Caps. Reality in the foreground

Caps. Reality in the foreground

"The isolated human being, aware of the inadequacy of his destiny, is once again embarking on the conquest of the outside, good and trying to restore the cosmic order." Josep Vallès Rovira (Tàpies, imprint)

Take a look at the simplest object. Take, for example, an old chair. It seems like nothing. But think of the whole universe that comprises: hands and sweats cutting wood that was once a sturdy tree, full of energy, in the middle of a lush forest in high mountains; the loving work that built it; the illusion that he bought it; the tiredness he has relieved; the pains and joys he will have endured, who knows if in big halls or in poor neighborhood dining rooms ... Everything, everything, participates in life and has its importance!

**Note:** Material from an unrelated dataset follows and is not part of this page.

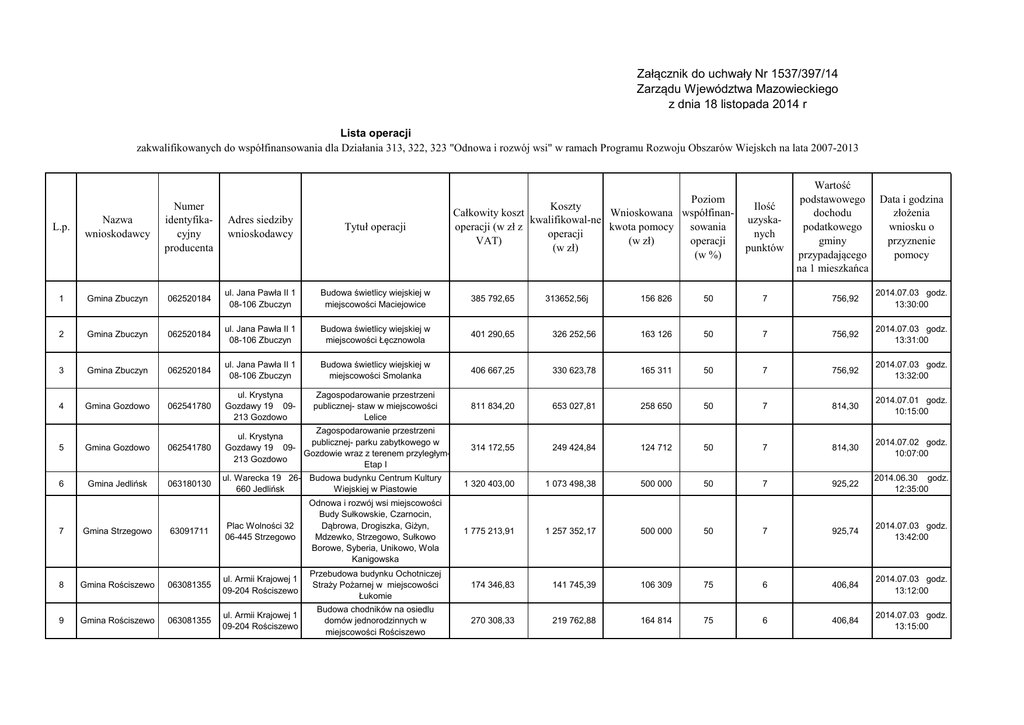 Załącznik do uchwały Nr 1537/397/14 Zarządu Wjewództwa Mazowieckiego z dnia 18 listopada 2014 r Lista operacji zakwalifikowanych do współfinansowania dla Działania 313, 322, 323 "Odnowa i rozwój wsi" w ramach Programu Rozwoju Obszarów Wiejskch na lata 2007-2013 dla naboru od 18 czerca do 03 lipca w 2014 roku Poziom Koszty Całkowity koszt Wnioskowana współfinankwalifikowal-ne operacji (w zł z kwota pomocy sowania operacji VAT) (w zł) operacji (w zł) (w %) L.p. Nazwa wnioskodawcy Numer identyfikacyjny producenta 1 Gmina Zbuczyn 062520184 ul. Jana Pawła II 1 08-106 Zbuczyn Budowa świetlicy wiejskiej w miejscowości Maciejowice 385 792,65 2 Gmina Zbuczyn 062520184 ul. Jana Pawła II 1 08-106 Zbuczyn Budowa świetlicy wiejskiej w miejscowości Łęcznowola 401 290,65 3 Gmina Zbuczyn 062520184 ul. Jana Pawła II 1 08-106 Zbuczyn Budowa świetlicy wiejskiej w miejscowości Smolanka 4 Gmina Gozdowo 062541780 ul. Krystyna Gozdawy 19 09213 Gozdowo Zagospodarowanie przestrzeni publicznej- staw w miejscowości Lelice 5 Gmina Gozdowo 062541780 Zagospodarowanie przestrzeni ul. Krystyna publicznej- parku zabytkowego w Gozdawy 19 09Gozdowie wraz z terenem przyległym213 Gozdowo Etap I 6 Gmina Jedlińsk 063180130 Adres siedziby wnioskodawcy Tytuł operacji Ilość uzyskanych punktów Wartość podstawowego dochodu podatkowego gminy przypadającego na 1 mieszkańca Data i godzina złożenia wniosku o przyznenie pomocy 156 826 50 7 756,92 2014.07.03 godz. 13:30:00 326 252,56 163 126 50 7 756,92 2014.07.03 godz. 13:31:00 406 667,25 330 623,78 165 311 50 7 756,92 2014.07.03 godz. 13:32:00 811 834,20 653 027,81 258 650 50 7 814,30 2014.07.01 godz. 10:15:00 314 172,55 249 424,84 124 712 50 7 814,30 2014.07.02 godz. 10:07:00 ul. Warecka 19 26- Budowa budynku Centrum Kultury 660 Jedlińsk Wiejskiej w Piastowie 1 320 403,00 1 073 498,38 500 000 50 7 925,22 2014.06.30 godz. 12:35:00 1 775 213,91 1 257 352,17 500 000 50 7 925,74 2014.07.03 godz. 13:42:00 313652,56j 7 Gmina Strzegowo 63091711 Plac Wolności 32 06-445 Strzegowo Odnowa i rozwój wsi miejscowości Budy Sułkowskie, Czarnocin, Dąbrowa, Drogiszka, Giżyn, Mdzewko, Strzegowo, Sułkowo Borowe, Syberia, Unikowo, Wola Kanigowska 8 Gmina Rościszewo 063081355 ul. Armii Krajowej 1 09-204 Rościszewo Przebudowa budynku Ochotniczej Straży Pożarnej w miejscowości Łukomie 174 346,83 141 745,39 106 309 75 6 406,84 2014.07.03 godz. 13:12:00 9 Gmina Rościszewo 063081355 ul. Armii Krajowej 1 09-204 Rościszewo Budowa chodników na osiedlu domów jednorodzinnych w miejscowości Rościszewo 270 308,33 219 762,88 164 814 75 6 406,84 2014.07.03 godz. 13:15:00 10 Gmina Krasnosielc 062546453 ul. Rynek 40 06212 Krasnosielc Kształtowanie obszarów o szczególnym znaczeniu poprzez budowę nowej linii oświetleniowej i modernizację istniejącej w Gminie Krasnosielc 11 Gmina Krasnosielc 062546453 ul. Rynek 40 06212 Krasnosielc Zagospodarowanie terenu w centrum Wólki Drążdżewskiej poprzez budowę placu rekreacyjnego 148 466,29 115 168,64 86 376 75 6 493,43 2014.06.30 godz. 10:36:00 12 Gmina Długosiodło 062543476 ul. T. Kościuszki 2 Przebudowa chodnika w 07-210 Długosiodło miejscowości Przetycz Włościańska 102 621,05 76 436,00 57 327 75 6 524,51 2014.07.03 godz. 13:08:00 13 Gmina Długosiodło 062541476 ul. T. Kościuszki 2 07-210 Długosiodło Remont i modernizacja budynku świetlicy wiejskiej w miejscowości Olszaki 283 556,84 205 751,17 154 313 75 6 524,51 2014.07.03 godz. 13:09:00 14 Gmina Długosiodło 062541476 ul. T. Kościuszki 2 07-210 Długosiodło Przebudowa chodnika w miejscowości Chrzczanka Włościańska 78 514,59 63 833,00 47 874 75 6 524,51 2014.07.03 godz. 13:10:00 15 Gmina Długosiodło 062541476 ul. T. Kościuszki 2 07-210 Długosiodło Przebudowa chodnika w miejscowości Kornaciska 159 520,49 117 246,94 87 935 75 6 524,51 2014.07.03 godz. 13:11:00 16 Gmina Długosiodło 062541476 ul. T. Kościuszki 2 07-210 Długosiodło Przebudowa chodnika w miejscowości Sieczychy 206 722,90 168 067,40 126 050 75 6 524,51 2014.07.03 godz. 13:12:00 17 Gmina Długosiodło 062541476 ul. T. Kościuszki 2 07-210 Długosiodło Zagospodarowanie przestrzeni publicznej w miejscowości Stare Bosewo 165 103,76 133 632,86 100 224 75 6 524,51 2014.07.03 godz. 13:13:00 Zagospodarowanie przestrzeni publicznej oraz zakup wyposażenia świetlicy wiejskiej w miejscowości Jaszczułty 336 680,43 256 681,99 192 511 75 6 524,51 2014.07.03 godz. 13:15:00 518 153,88 411 100,72 308 325 75 6 493,43 2014.06.30 godz. 10:35:00 18 Gmina Długosiodło 062541476 ul. T. Kościuszki 2 07-210 Długosiodło 19 Gmina Długosiodło 062541476 ul. T. Kościuszki 2 07-210 Długosiodło Rozbudowa z przebudową budynku Domu Kultury w miejscowości Długosiodło 367 602,30 256 020,31 171 101 75 6 524,51 2014.07.03 godz. 13:16:00 20 Gmina Baranowo 062542314 ul. Plac Trzydziestolecia 7 06-320 Baranowo Zagospodarowanie centrum wsi Jastrząbka, Dąbrowa i Kopaczyska 494 115,63 399 589,55 299 691 75 6 557,37 2014.06.30 godz. 13:15:00 21 Gmina Lubowidz 062151500 ul. Zielona 10 09304 Lubowidz Wyposażenie świetlic wiejskich w miejscowości Osówka, Wronka, Jasiony, Cieszki, Rynowo 99 401,22 80 814,03 60 610 75 6 597,45 2014.07.03 godz. 08:30:00 22 Gmina Andrzejewo 063236105 ul. Warszawska 36 07-305 Andrzejewo Remont świetlicy wiejskiej w Starej Ruskołęce 363 154,24 295 247,35 221 435 75 6 640,28 2014.07.03 godz. 13:42:00 23 Gmina Andrzejewo 063236105 ul. Warszawska 36 07-305 Andrzejewo Remont świetlicy wiejskiej w Andrzejewie 172 114,85 108 573,23 81 429 75 6 640,28 2014.07.03 godz. 13:43:00 24 Gmina Czerwińsk nad Wisłą 062793293 ul. Wł. Jagiełły 16 09-150 Czerwińsk nad Wisłą Budowa boiska sportowego z elementami towarzyszącymi w Sielcu, gmina Czerwińsk nad Wisłą 25 Gmina BogutyPianki 062517480 ul. Aleja Papieża Jana Pawła II 45 07-325 BogutyPianki 26 Parafia Rzymskokatolicka pw. św. Bartłomieja w Brzózie 063818962 27 Gmina Chorzele 062605741 28 Gmina Staroźreby

Even the oldest chair carries within it the initial strength of those saps that rose from the earth, there in the woods, and that will still serve to warm the day that, made into splinters, burns in some home.

In the article The Game of Knowing How to Look, from 1973, Antoni Tàpies expresses with these captivating words the interest that the object world - and, therefore, matter - has meant to him. The origins can be traced back to an early stage in which the artist expressed an interest in the historical avant-garde of Dadaism and Surrealism, with the incorporation of collage. These are works with which Tàpies approaches reality, where he explores the limits of representation in a gesture that avoids any symbolic value and where he becomes aware that the world of creation is - in the words of Georges Raillard - “a polymorphic universe where only unlimited realism is absent, the mimicry that is measured by the palm of a logic of established values and accepted meanings ”.

After returning to Barcelona after his stay in Paris in 1950, his work underwent a transformation, in part, influenced by the controversy surrounding social realism in the neighboring country. His painting thus leaves behind the influence of surrealism - and the inherent symbolic and dreamlike writing - to give way to a deliberately dense creation, which embraces the subjective will of its creator. The incorporation of objects, often taken from the everyday world, usually poor and humble, and which will sometimes have to decompose, becomes one of the key features in their plastic production. The materials then cease to represent an idea to become the idea itself, a cohesion from which emerges one of the main contributions of the author: the fabric ceases to be a window from which to approach the world and it becomes a wall, a wall, an element of containment where there is only room for subjectivity and introspection. The matter, thus understood, is inevitably indebted to the thought of Jean-Paul Sartre, whom Tàpies had carefully read: he conceives, as he wants after this impulse towards existence; the human being is nothing but what he does. That is the first principle of existentialism. " With these words he concluded the conference Existentialism is a humanism, held in Paris in October 1948, and it is precisely in this sentence - "the human being is nothing but what he does" - in which, also, the thought of Antoni Tàpies is based, because in the poverty of the objects, in the matter containing the warmth of the hands and the utensils, it is where the artist reaffirms the human dignity. With Tàpies. Reality in the foreground, curated by Núria Anguita, shows once again the aesthetic and plastic greatness of one of the greatest exponents of contemporary art. The Antoni Tàpies Foundation is one of the city's temples of art; the visit, a real privilege, and Tàpies, an illusionist: in each visit, a new vision.